Exercise aim: Transcribe all of the data exactly. Images stay out.

Given records:
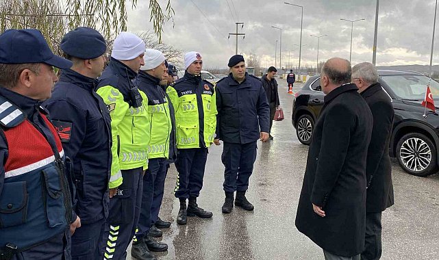 Çorum'da 2026 yılına saatler kala, kentin huzur ve güvenliği için tedbirler üst seviyeye çıkartıldı. Vali Ali Çalgan, Çorum Belediye Başkanı Halil İbrahim Aşgın, İl Emniyet Müdürü Arif Pehlivan ve Çorum İl Jandarma Komutanı Kıdemli Albay Kubilay Ayvaz ile birlikte yılbaşı tedbirleri kapsamında görev yapan personeli ziyaret ederek yapılan çalışmaları yerinde denetledi. Ankara kara yolu üzerinde bulunan jandarma uygulama noktasında gerçekleştirilen ziyaretin ardından açıklamalarda bulunan Vali Ali Çalgan, sürücülere de kurallara uymaları yönünde hatırlatmalarda bulundu.
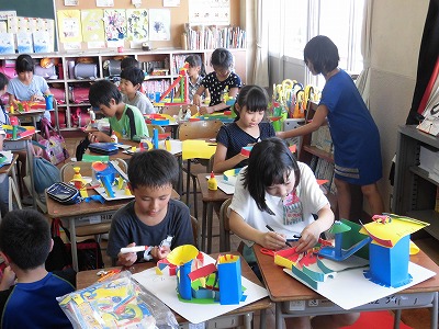 図工では、段ボール台紙やカラー波段ボールを切ったり、曲げてカーブやトンネルを作ったりしてビー玉をころころと転がすおもちゃ作りをしています。
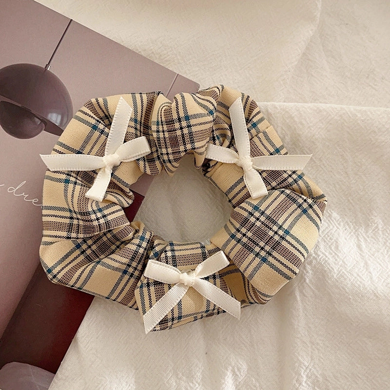 Women’s IG Style Sweet Plaid Bow Knot Cloth Rib-Knit Lace Rivet Hair Tie
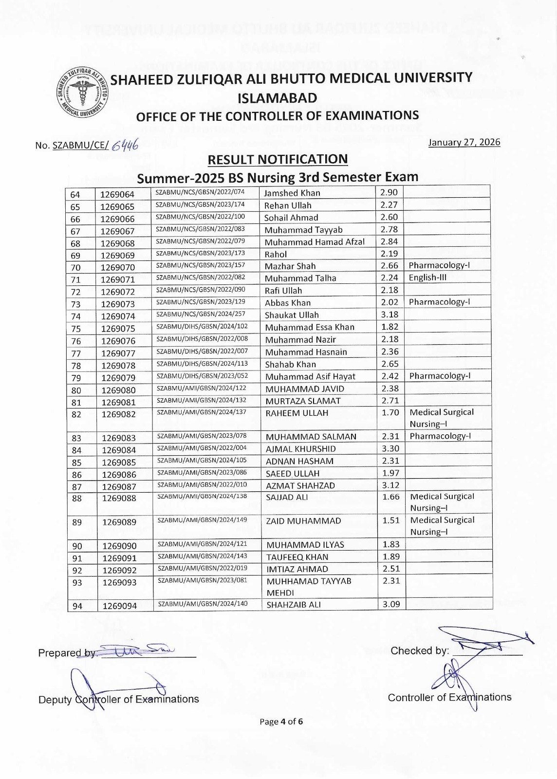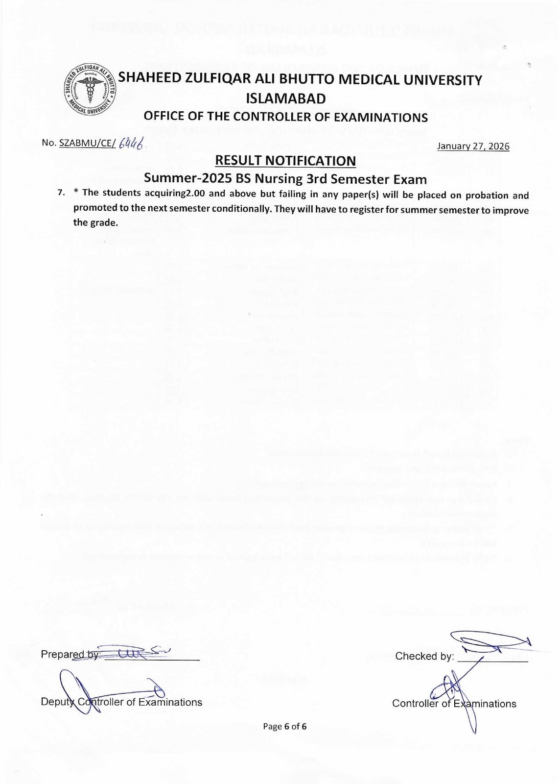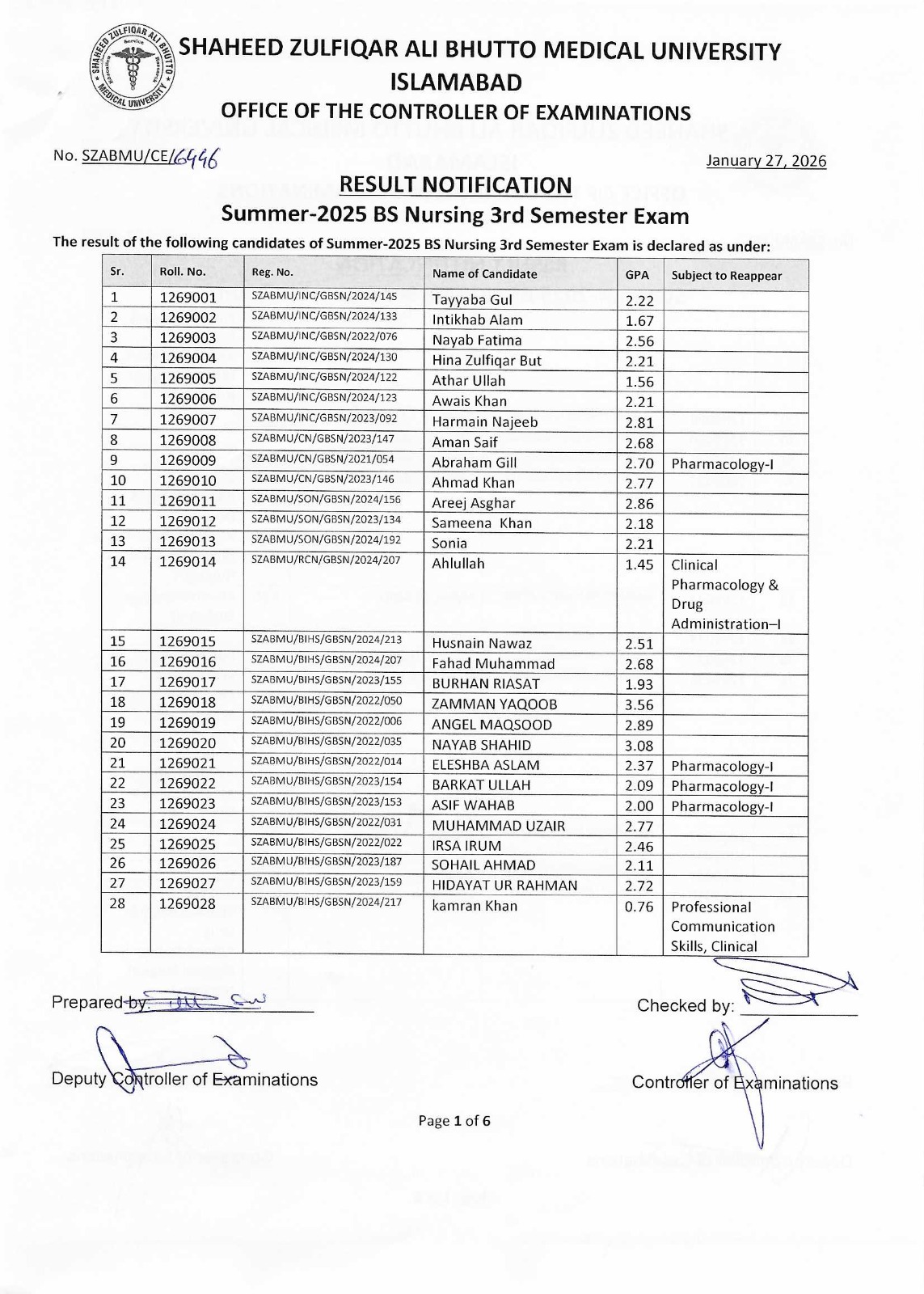Result Notification - Summer 2025 BS Nursing 3rd Semester Exam
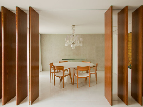 Entre as principais resoluções arquitetônicas do projeto para o Apartamento Jazz, estão os painéis de madeira deslizantes e pivotantes, onde consegue-se fazer a integração da sala de jantar com os demais espaços.
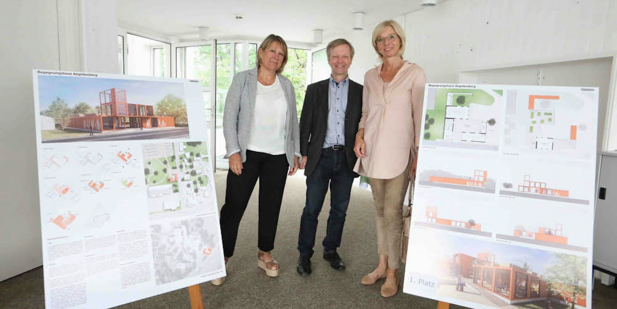 Im Juni vorigen Jahres stellten (v.l.) Adriane Niedner-Siebert, Otto Neuhoff und Anja Hupperich den Siegerentwurf vor. Statt der damals vorgesehenen Seecontainer ist inzwischen ein Holzbau geplant. In den nächsten Wochen soll es losgehen.
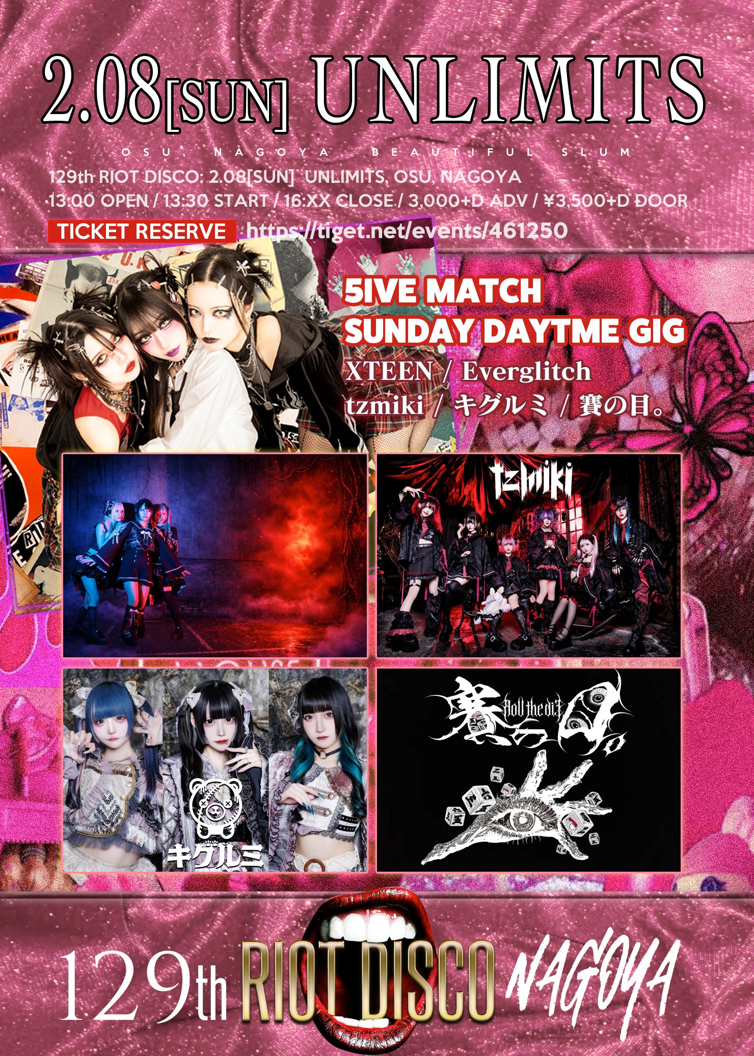 XTEEN IN NAGOYA 2026 KICKS OFF 129thRIOTDISCO NAGOYA&ONE MAN GIG IN NAGOYA- 8IGHT ANNIVERSARY NIGHT - PRE SHOW- XTEEN/Everglitch/tzmiki/キグルミ/賽の目。 昼の部 OPEN 13:00 / START 13:30 ADV¥3,000-/DOOR¥3,500-(1D別¥600-)夜の部 OPEN 18:30 / START 19:00 ADV¥3,000-/DOOR¥3,500-(1D別¥600-) ご予約はこちら→xteen.tokyo/reserve/ |
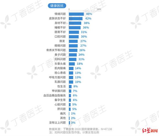 关于“健康困扰”方面的数据则显示,97%的受调查者表示自己存在健康相关的困扰,其中排名前三的分别是:情绪问题、皮肤状态不好、身材不好。相比2018年最大的健康困扰是皮肤问题,可见2019年大家确实是“太南了”。

Exercise output:
 Çorum'da 2026 yılına saatler kala, kentin huzur ve güvenliği için tedbirler üst seviyeye çıkartıldı. Vali Ali Çalgan, Çorum Belediye Başkanı Halil İbrahim Aşgın, İl Emniyet Müdürü Arif Pehlivan ve Çorum İl Jandarma Komutanı Kıdemli Albay Kubilay Ayvaz ile birlikte yılbaşı tedbirleri kapsamında görev yapan personeli ziyaret ederek yapılan çalışmaları yerinde denetledi. Ankara kara yolu üzerinde bulunan jandarma uygulama noktasında gerçekleştirilen ziyaretin ardından açıklamalarda bulunan Vali Ali Çalgan, sürücülere de kurallara uymaları yönünde hatırlatmalarda bulundu.
 図工では、段ボール台紙やカラー波段ボールを切ったり、曲げてカーブやトンネルを作ったりしてビー玉をころころと転がすおもちゃ作りをしています。
 Women’s IG Style Sweet Plaid Bow Knot Cloth Rib-Knit Lace Rivet Hair Tie
Result Notification - Summer 2025 BS Nursing 3rd Semester Exam
 Entre as principais resoluções arquitetônicas do projeto para o Apartamento Jazz, estão os painéis de madeira deslizantes e pivotantes, onde consegue-se fazer a integração da sala de jantar com os demais espaços.
 Im Juni vorigen Jahres stellten (v.l.) Adriane Niedner-Siebert, Otto Neuhoff und Anja Hupperich den Siegerentwurf vor. Statt der damals vorgesehenen Seecontainer ist inzwischen ein Holzbau geplant. In den nächsten Wochen soll es losgehen.
 XTEEN IN NAGOYA 2026 KICKS OFF 129thRIOTDISCO NAGOYA&ONE MAN GIG IN NAGOYA- 8IGHT ANNIVERSARY NIGHT - PRE SHOW- XTEEN/Everglitch/tzmiki/キグルミ/賽の目。 昼の部 OPEN 13:00 / START 13:30 ADV¥3,000-/DOOR¥3,500-(1D別¥600-)夜の部 OPEN 18:30 / START 19:00 ADV¥3,000-/DOOR¥3,500-(1D別¥600-) ご予約はこちら→xteen.tokyo/reserve/ |
 关于“健康困扰”方面的数据则显示,97%的受调查者表示自己存在健康相关的困扰,其中排名前三的分别是:情绪问题、皮肤状态不好、身材不好。相比2018年最大的健康困扰是皮肤问题,可见2019年大家确实是“太南了”。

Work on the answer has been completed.